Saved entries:
****
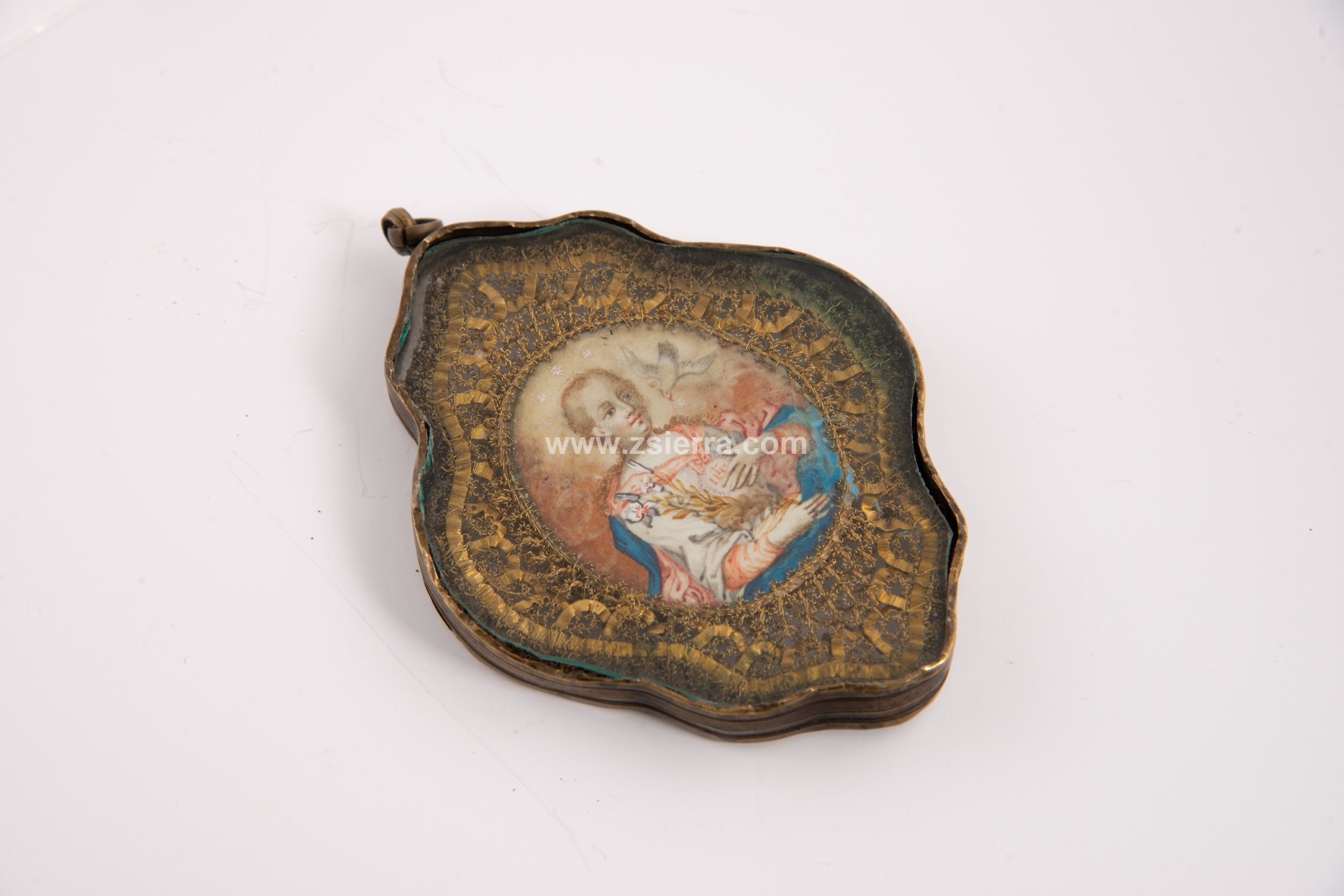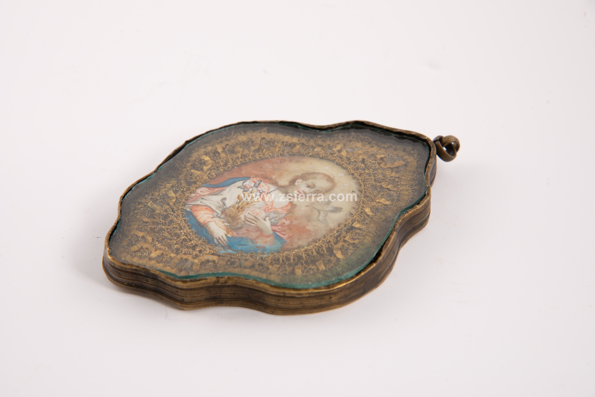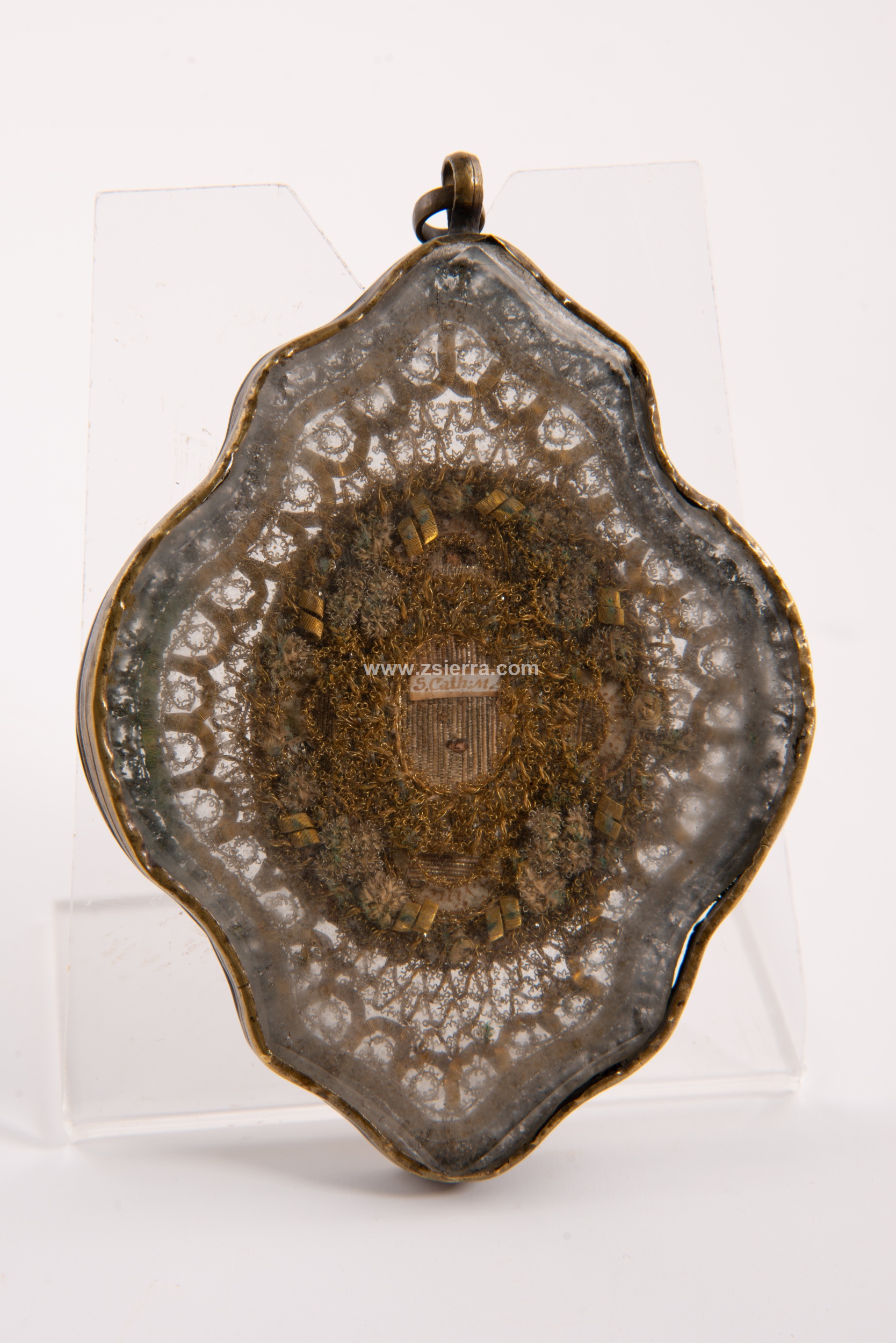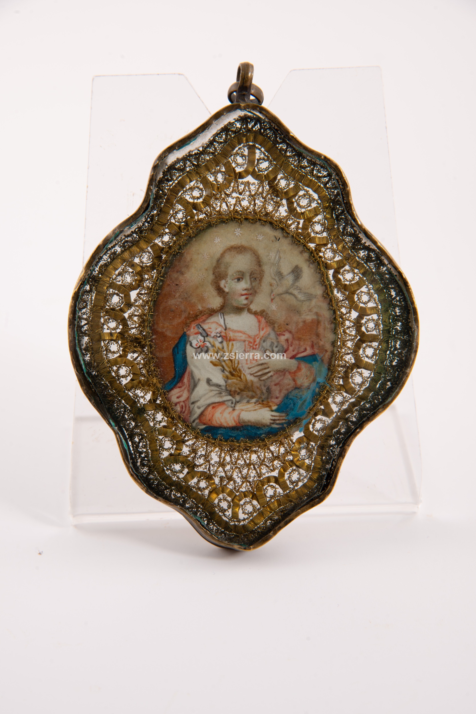 Posible trabajo conventual que presenta una miniatura con un delicado trabaje de encaje y metal alrededor, guardado en un medallón de metal con frente y trasera de vidrio recortado creando ondas en el contorno. En la miniatura se puede ver por un lado a una joven acompañada por la paloma del Espíritu Santo, con un ramo con flores blancas y el emblema IHS rematado por cruz en un tondo sobre su pecho; el otro lado presenta una reliquia identificada con una pequeña cartela escrita (S. Cath. M.). Sajta Catalina de Siena (1347-1380) fue una laica dominica venerada como santa en la Iglesia católica desde su canonización en 1461.
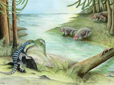 插画中一群无壳的罗氏祖龟(Pappochelys rosinae)正在探索一...
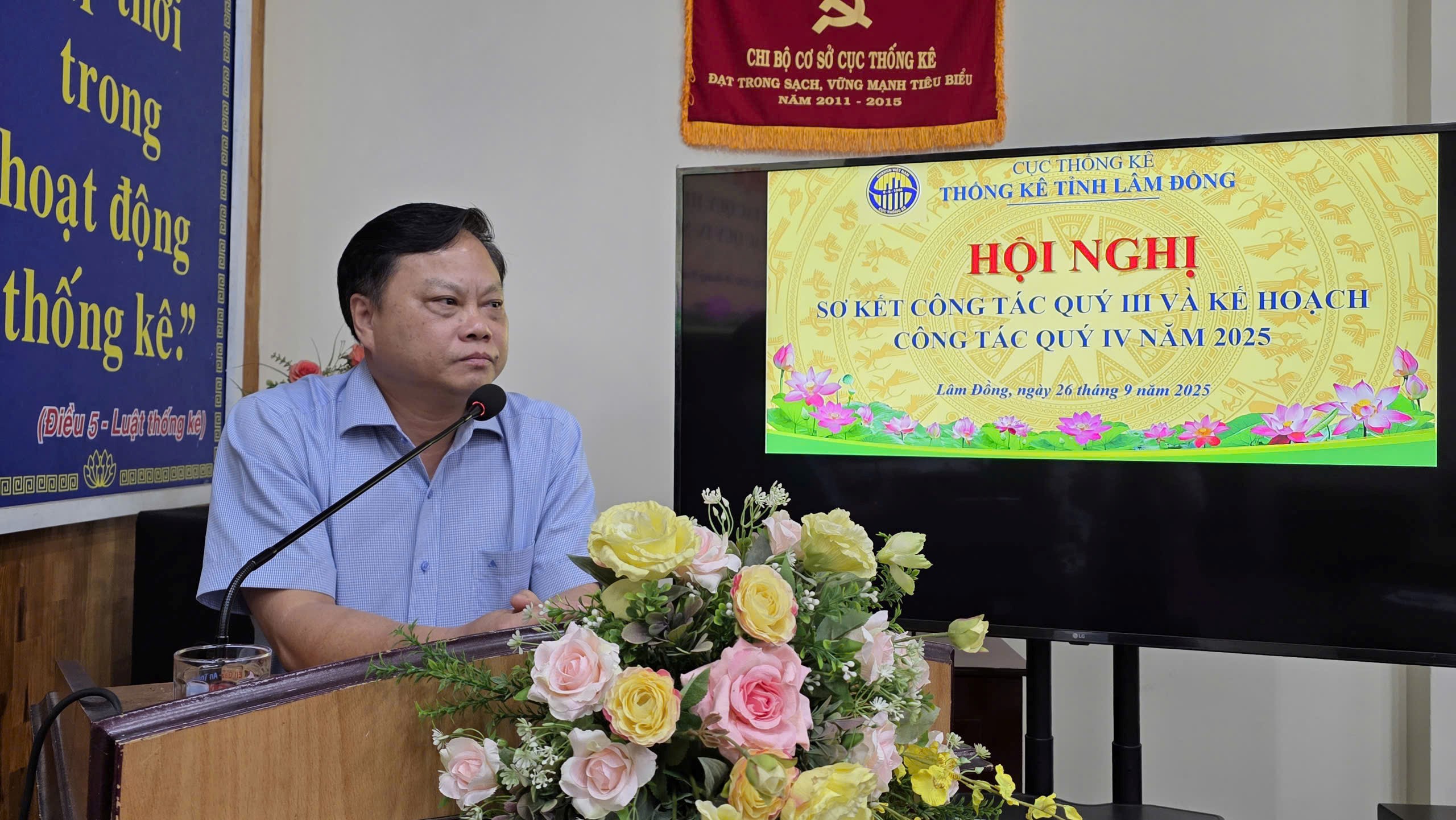 Sáng ngày 26/9/2025, Thống kê tỉnh Lâm Đồng đã tổ chức Hội nghị sơ kết công tác quý III và đề ra các nhiệm vụ trọng tâm cho quý IV năm 2025. Đồng chí Phạm Quốc Hùng, Bí thư Đảng ủy, Trưởng Thống kê tỉnh Lâm Đồng, chủ trì hội nghị.
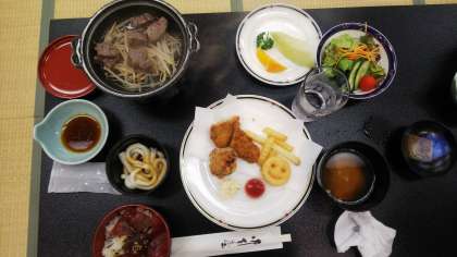 お待ちかねの夕食タイムです。今年のメニューは、伊勢うどん、けんちん汁、唐揚げ、サラダ、マグロどん、牛鍋、メロンです。
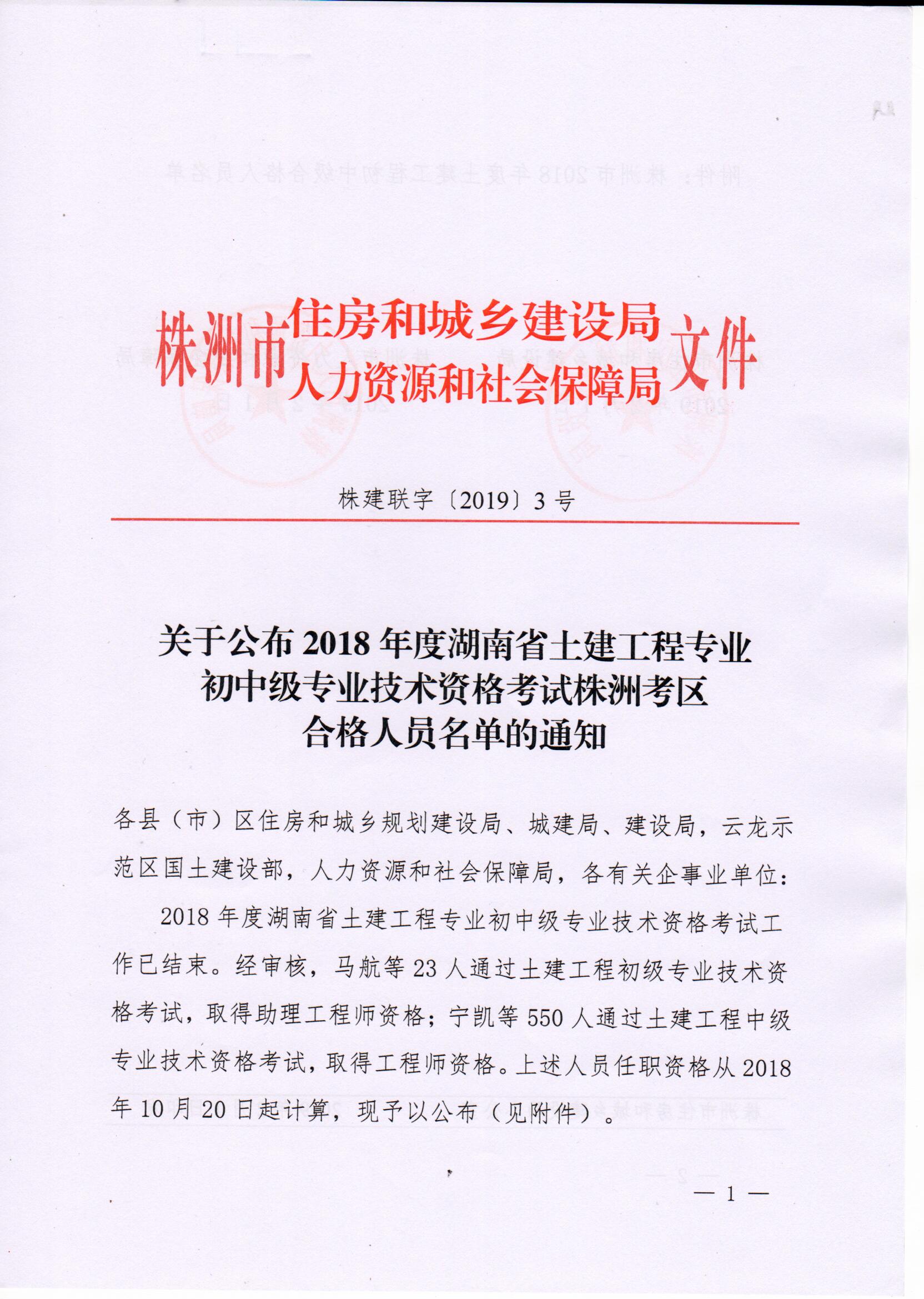 關(guān)于公布2018年度株洲市土建工程專業(yè)初中級專業(yè)技術(shù)資格考試合格人員名單的通知
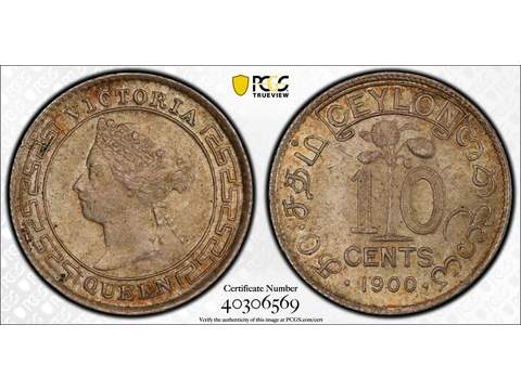 Ceylon Queen Victoria (1837-1901) 10 cents 1900, UNC, PCGS MS64 Lagerantal: I lager 1 800 SEK Lägg i varukorgen Beskrivning Kvalitet: UNCGradering: MS64Katalog: KM 94Valör: 10 cents Ex. Mark Freehill.Tied finest graded at PCGS.
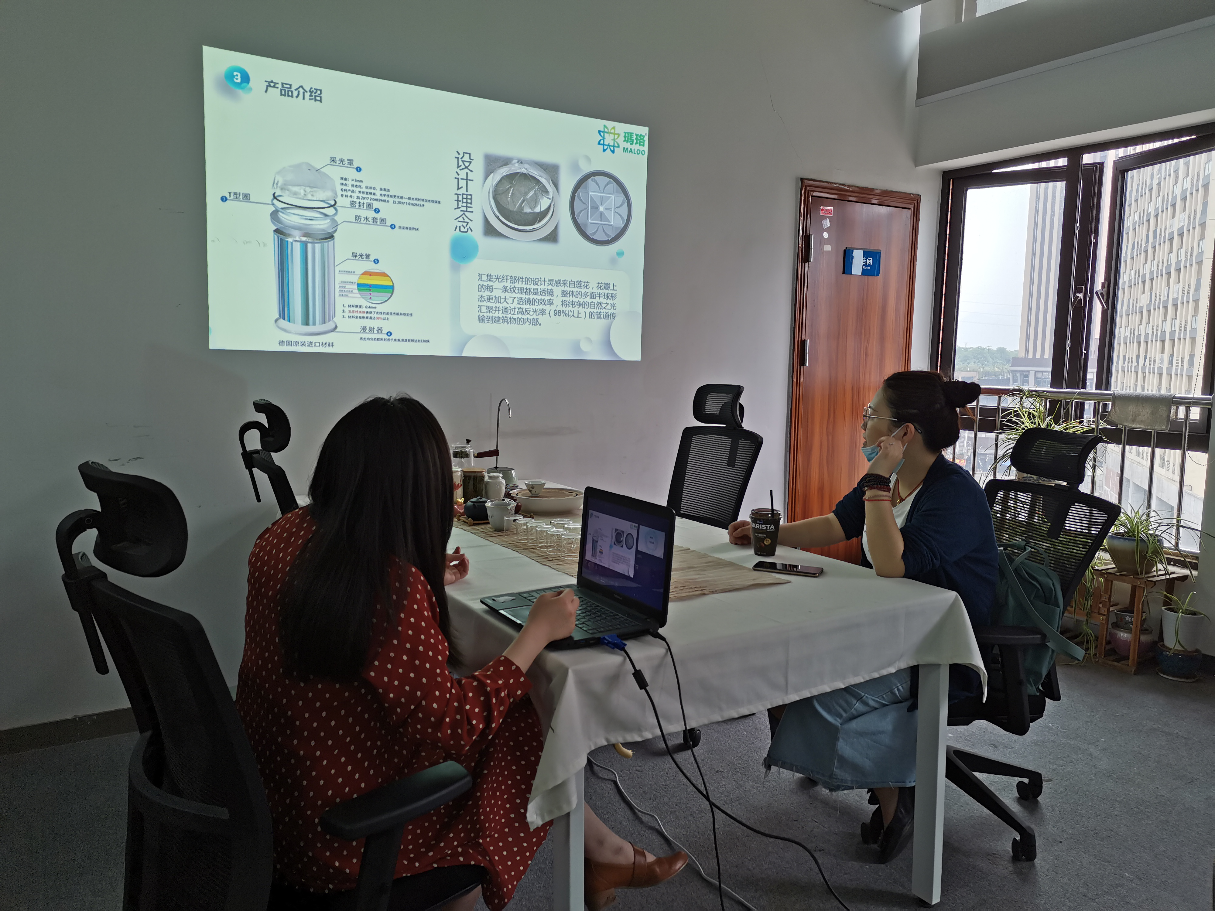 总经理彭品佳介绍了公司的历程及公司目前的战略规划布局,并就自然光照明系统的设计理念、应用场 景、产品优势,服务流程等分别进行了详细的介绍,使中骏地产采购经理对公司的了解加深。
****
▸ Work instructions
If a line falls between the one containing "お待ちかねの夕食タイムです。" and the last line of the entries above, both included, reproduce it exactly; leave the pictures out.

▸ Answer box
 お待ちかねの夕食タイムです。今年のメニューは、伊勢うどん、けんちん汁、唐揚げ、サラダ、マグロどん、牛鍋、メロンです。
 關(guān)于公布2018年度株洲市土建工程專業(yè)初中級專業(yè)技術(shù)資格考試合格人員名單的通知
 Ceylon Queen Victoria (1837-1901) 10 cents 1900, UNC, PCGS MS64 Lagerantal: I lager 1 800 SEK Lägg i varukorgen Beskrivning Kvalitet: UNCGradering: MS64Katalog: KM 94Valör: 10 cents Ex. Mark Freehill.Tied finest graded at PCGS.
 总经理彭品佳介绍了公司的历程及公司目前的战略规划布局,并就自然光照明系统的设计理念、应用场 景、产品优势,服务流程等分别进行了详细的介绍,使中骏地产采购经理对公司的了解加深。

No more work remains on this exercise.